• _Instructions to follow_
Restate all data exactly. No images.

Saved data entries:
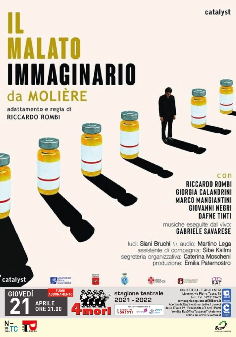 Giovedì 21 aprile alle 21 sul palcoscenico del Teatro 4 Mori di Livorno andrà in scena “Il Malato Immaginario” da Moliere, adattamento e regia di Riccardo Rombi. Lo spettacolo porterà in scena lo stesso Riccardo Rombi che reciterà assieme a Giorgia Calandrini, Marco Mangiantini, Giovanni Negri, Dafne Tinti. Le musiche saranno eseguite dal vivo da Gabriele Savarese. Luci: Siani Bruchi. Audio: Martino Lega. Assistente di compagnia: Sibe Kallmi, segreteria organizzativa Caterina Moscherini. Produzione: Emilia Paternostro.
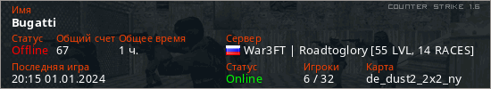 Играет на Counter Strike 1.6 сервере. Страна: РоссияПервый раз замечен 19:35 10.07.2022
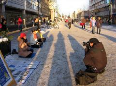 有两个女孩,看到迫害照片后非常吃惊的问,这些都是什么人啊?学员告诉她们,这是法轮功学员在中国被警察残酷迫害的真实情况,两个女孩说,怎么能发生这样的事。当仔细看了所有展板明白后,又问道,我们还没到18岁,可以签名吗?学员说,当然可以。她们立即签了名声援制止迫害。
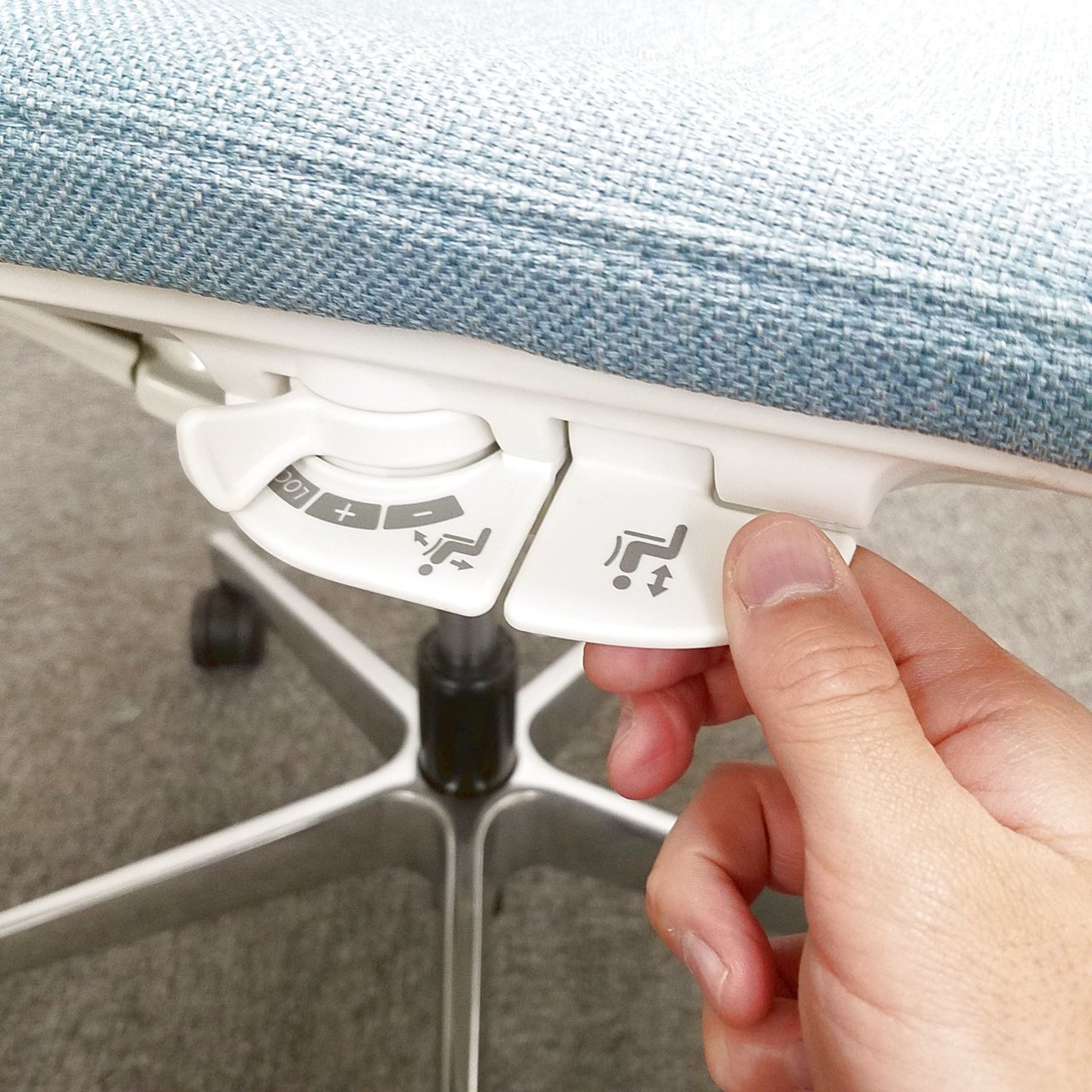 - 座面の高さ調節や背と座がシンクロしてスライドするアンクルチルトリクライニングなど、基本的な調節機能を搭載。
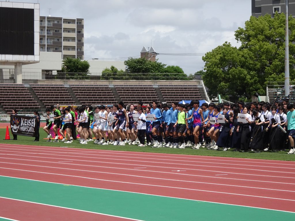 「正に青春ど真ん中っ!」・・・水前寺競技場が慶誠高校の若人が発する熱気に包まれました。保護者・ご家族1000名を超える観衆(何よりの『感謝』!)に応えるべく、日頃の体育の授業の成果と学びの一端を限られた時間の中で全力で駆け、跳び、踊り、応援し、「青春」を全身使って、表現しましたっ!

• _Solution_
 Giovedì 21 aprile alle 21 sul palcoscenico del Teatro 4 Mori di Livorno andrà in scena “Il Malato Immaginario” da Moliere, adattamento e regia di Riccardo Rombi. Lo spettacolo porterà in scena lo stesso Riccardo Rombi che reciterà assieme a Giorgia Calandrini, Marco Mangiantini, Giovanni Negri, Dafne Tinti. Le musiche saranno eseguite dal vivo da Gabriele Savarese. Luci: Siani Bruchi. Audio: Martino Lega. Assistente di compagnia: Sibe Kallmi, segreteria organizzativa Caterina Moscherini. Produzione: Emilia Paternostro.
 Играет на Counter Strike 1.6 сервере. Страна: РоссияПервый раз замечен 19:35 10.07.2022
 有两个女孩,看到迫害照片后非常吃惊的问,这些都是什么人啊?学员告诉她们,这是法轮功学员在中国被警察残酷迫害的真实情况,两个女孩说,怎么能发生这样的事。当仔细看了所有展板明白后,又问道,我们还没到18岁,可以签名吗?学员说,当然可以。她们立即签了名声援制止迫害。
 - 座面の高さ調節や背と座がシンクロしてスライドするアンクルチルトリクライニングなど、基本的な調節機能を搭載。
 「正に青春ど真ん中っ!」・・・水前寺競技場が慶誠高校の若人が発する熱気に包まれました。保護者・ご家族1000名を超える観衆(何よりの『感謝』!)に応えるべく、日頃の体育の授業の成果と学びの一端を限られた時間の中で全力で駆け、跳び、踊り、応援し、「青春」を全身使って、表現しましたっ!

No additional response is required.